» **What is required**
Output nothing but the lines from the one holding "Humaima in really" to the end of the listing. Reproduce them exactly, without the pictures.

» **Data below**
+---+

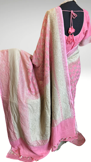 Pastel Pink pure silver zari soft silk saree zari and hand embroidered blouse
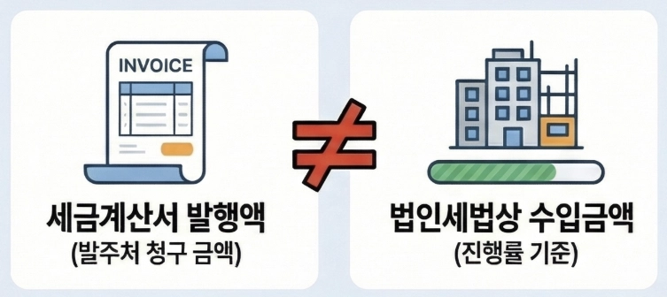 바로 부가가치세법상 세금계산서 발급금액과 법인세법상 매출 인식금액은 별개의 문제라는 겁니다. 법인세법에서는 건설업의 수익을 세금계산서 발행금액이 아닌, 진행기준에 따라 인식하도록 규정하고 있습니다.
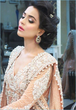 Humaima in really lovely makeup and a pastel dress.
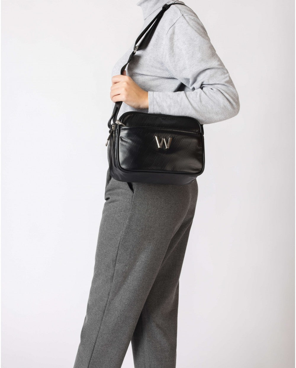 Women´s bag. This medium-sized rectangular-shaped bag has a metallic "W" detail on the front, a front pocket, a back pocket and two central pockets, all with a zip closure. With an adjustable logoed handle. The perfect complement to your Wonders shoes.

+---+

» **Response box**
 Humaima in really lovely makeup and a pastel dress.
 Women´s bag. This medium-sized rectangular-shaped bag has a metallic "W" detail on the front, a front pocket, a back pocket and two central pockets, all with a zip closure. With an adjustable logoed handle. The perfect complement to your Wonders shoes.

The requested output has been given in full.